This post was written by Lettie Stratton and appeared in the Fall 2021 edition of the Long Trail News under the headline “Green Mountain Home.” Lettie is a writer and founder of Wild Wanderer, an online community for LGBTQ+ outdoors enthusiasts. Lettie reflects on returning to Vermont after several years away.
During the height of the pandemic, I dreamt of Vermont. As I sat in my West Sussex flat sipping my fifth cup of tea and staring at the same four walls like everybody else, I longed for the hills of my home state, the bright autumn leaves, and the smell of the forest floor after a good long rain.
It was the longest I’d ever been away without a visit – nearly two years. I arrived in England about a month before the pandemic hit, and spent all of 2020 and more than half of 2021 across the pond. A lot about that time was good – great, even. I walked a lot of beautiful public footpaths. I explored a lot of lovely green fields. But I missed the woods. There’s just something about being home.
My favorite way to re-enter a place I love is through its trails. I never feel I’m fully back until I’ve explored my old favorites, and perhaps even discovered some new ones. Now that I’ve been back in Vermont for a month, I finally feel as though I’m really here. I have arrived.

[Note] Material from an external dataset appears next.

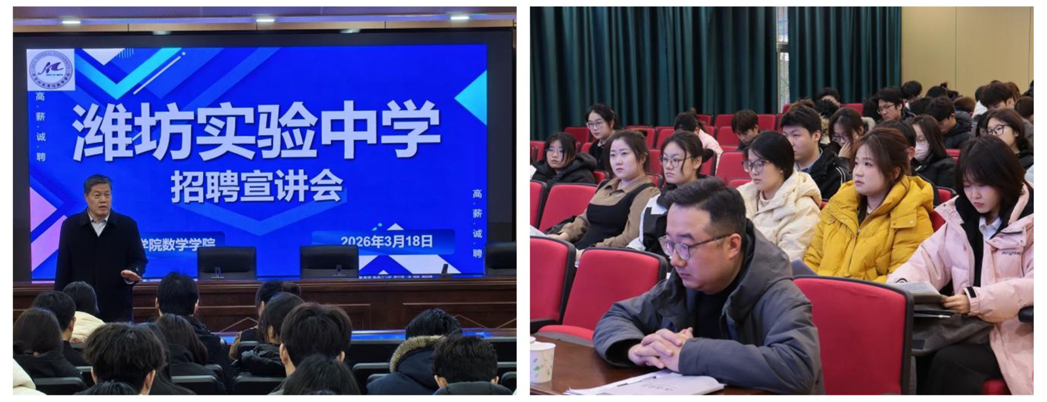 为拓宽师范毕业生就业渠道、提升就业质量,3月18日,数学学院携手潍坊实验中学在章丘校区第二学术报告厅举办教师专场招聘会,面向毕业生开放语文、数学、英语等多学科教师岗位,搭建起用人单位与毕业生的精准高效双选平台。

I grew up in the Bennington area and have always used outdoor adventure and exploration as ways to connect to Place, whether in this place or in faraway countries. I’ve traveled and lived all around the world, but I always return to Vermont to reset and rejuvenate. I need my Green Mountain fix.

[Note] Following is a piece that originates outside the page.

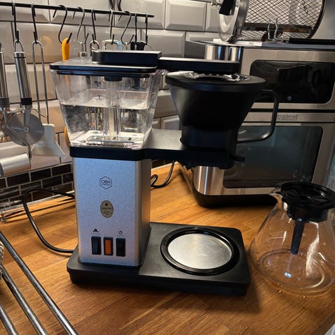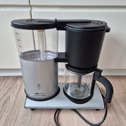 OBH Nordica kaffemaskine i rød med sort top og glas-kande. Maskinen har separat vandbeholder og kande placeret på opvarmningsplade. Strømtilslutning via ledning medfølger som en integreret del af apparatet. Velegnet til brygning af filterkaffe i hjemmet eller på kontoret.

After everything 2020 threw at us, being here feels especially cathartic. During my first few hikes, I was overwhelmed by a variety of thoughts. I can’t believe I’m finally back. Everything is so lush and green. I forgot how hard it can rain here. Is it ever going to stop raining? The woods smell so good. And, I have a lot of mosquito bites.

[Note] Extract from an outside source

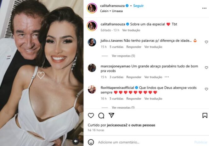 No vídeo divulgado, Calita Franciele Miranda mostra momentos românticos do casal e o buquê de rosas que ela ganhou de Amado na data. “Sobre um dia especial”, escreveu a Miss na postagem. Nos comentários da publicação, diversos internautas reagiram: “Lindos, felicidades Calita“, desejou uma. “Parabéns, aproveita o vovô rsrs“, brincou outra. “Que sejam felizes“, escreveu mais uma internauta.

Sometimes when I walk around town I feel like a tourist in my own state. I no longer recognize the businesses on Main Street, and I ask friends about cafes and restaurants that are gone. It makes me wonder where I belong.
After a hike the feeling fades, and I know I belong here and now – in the woods and on the trail. I belong at Lye Brook Falls, on Harmon Hill, at Equinox Preserve, in the Park McCullough Woods. I used to train on these trails for cross-country running and Nordic skiing – practice after practice, running, hiking, bounding, and exploring. These places are home.
I’ve been using my time in Vermont’s nature to clear my head. I’m at a life transition point, and change can be scary. I don’t do well with the unknown. I’m here for now, but what comes next? What does the future hold? Here, I find solace and refuge on trails so familiar and so dear. Every time I crunch a stick beneath my shoe, nearly slip on a wet tree root, or catch a glimpse of a pair of cardinals playing in the tree branches, I am not thinking about the future – I am present.
Now more than ever it is such a gift to be able to go outside and simply walk in the woods. I know Vermont will always be here for me no matter how long I’m away. I’ll forever be comforted by coming home. Even when businesses change and my favorite coffee shop has boarded up windows, the trails, mountains, and streams remain. They are steadfast, and I am grateful.